Or... the new F-type 4 Cylinder. Inside it has the new virtual cockpit but sadly no update to the rest of the in car entertainment. Yes it is an old design with an old school driving position and no luggage space, but the car still looks stunning.


----------



## Kenway (Jul 19, 2021)

Yaris GR wouldn't be my car of choice as a "fun small car" TBH. My ideal manual fun car is MX5. But the GR and 86 do show that Toyota has the potential to make fun cars.

@Barmybob yes it is true. There is very little to choose in the small coupe segment. I don't like Top Gear (yeah shoot me) but I agree with Jeremy. Driving Mustang in Europe makes you look like a tool and a wannabe American (Richard Hammond  ).. Its also anything but "small" when used on European roads. Cayman/Boxster would be my choice. But they are crazy expensive - new and used. 

Regarding the sound...well watch CarWow. Every single car they reviewed in the past 2 years. Has had a disappointing rev/limiting engine & exhaust sound. At this point 4 pot and 6 pot sound the same... (thanks EU and your cissy regulations). 😡

You want sweet sounding fun car? Man up and dig for mid 2000s' era cars (BMW and Mercedes in particular).

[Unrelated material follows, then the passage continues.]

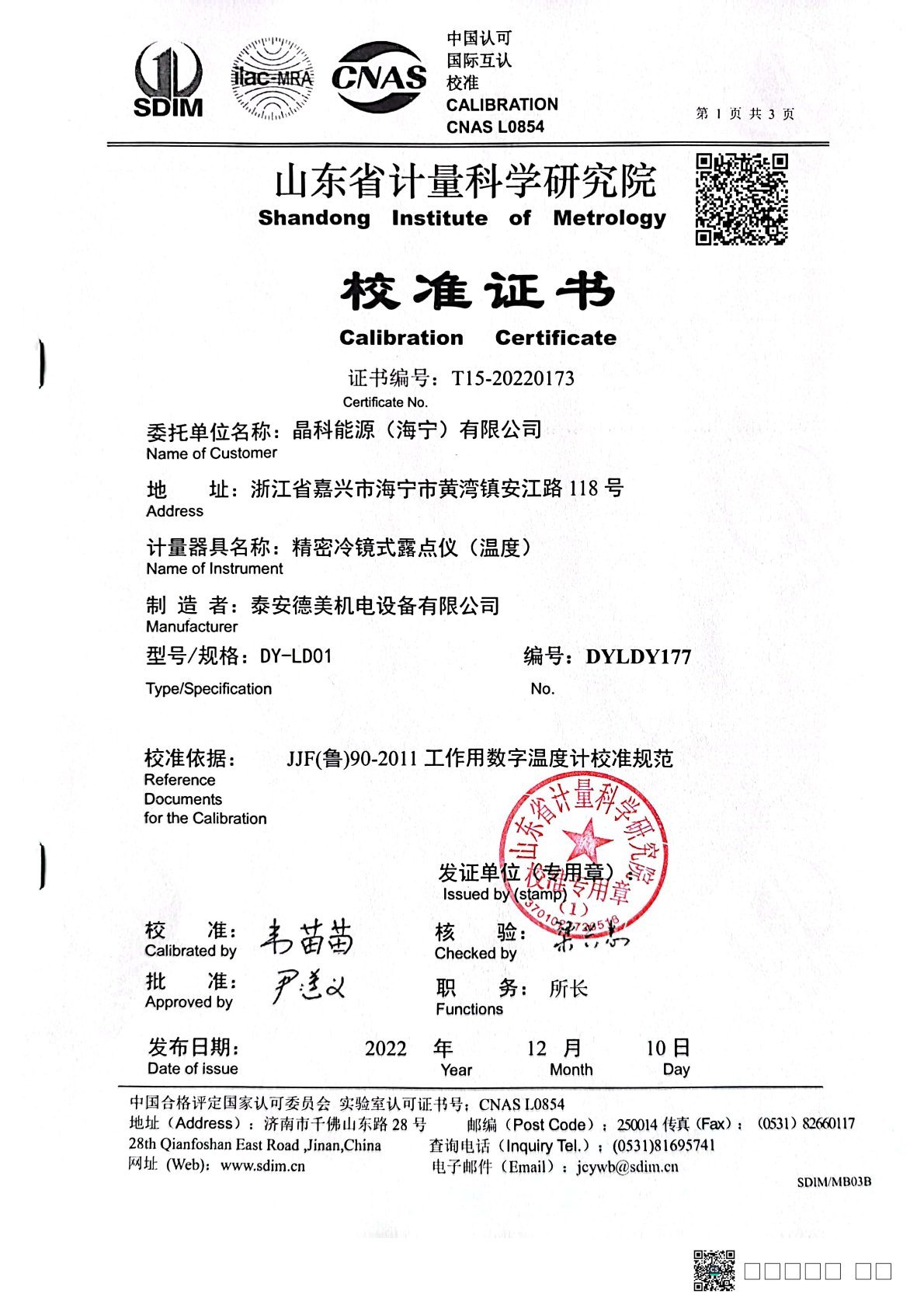 晶科能源(海寧)有限公司 精密冷鏡式露點(diǎn)儀(溫度) 校準(zhǔn)證書

Had a friend show me his old CLK 500 V8. 😍Sound was miles better than anything today


----------



## Barmybob (Nov 4, 2015)

Kenway said:


> Sound was miles better than anything today


The 2.5 5 cylinder motor in my 2018 TTRS sounds fantastic. In the 80's & 90's I had 5 cylinder Coupé's and Quattro's and the RS so reminds me of those. The way the car barks and roars actually takes me back to standing in a forest in North Yorkshire on a rally stage, listening to my Audi hero's approach then come flying past.

Also not really a fan of Top Gear but as Chris Harris said, in 2017 when track reviewing the TTRS "you could buy this car for the engine alone, it really is that good." So I did


----------



## Pontypwl (Feb 17, 2016)

Thanks for all your thoughts. Was going for the Supra, but disappointed by the lack of options - none! Supra 2.0 lacks parking sensors and blind spot monitoring, which is standard on US and EU models, and would be useful with the limited visibility and long bonnet - not available in the UK. Wasn't sure about the Supra 3.0 with only rear wheel drive as I'm so used to quattro on my TT. I wasn't expecting to be able to order another TT, as I thought they were going to stop making them in 2021. Thought about another one as it's easily the best car I've owned.


----------



## Pontypwl (Feb 17, 2016)

However, echoing some of your thoughts, I've had two, so try something else. Just put a deposit down on a 2022 BMW M240i X-Drive 3-door coupe. 6 cylinder engine, 382bhp, 500 Nm torque, 4 wheel drive, sounds great, hits 60 in 4.1 seconds and is slightly cheaper than a TTS. What's not to like...


----------



## Heath (Apr 12, 2016)

Pontypwl said:


> However, echoing some of your thoughts, I've had two, so try something else. Just put a deposit down on a 2022 BMW M240i X-Drive 3-door coupe. 6 cylinder engine, 382bhp, 500 Nm torque, 4 wheel drive, sounds great, hits 60 in 4.1 seconds and is slightly cheaper than a TTS. What's not to like...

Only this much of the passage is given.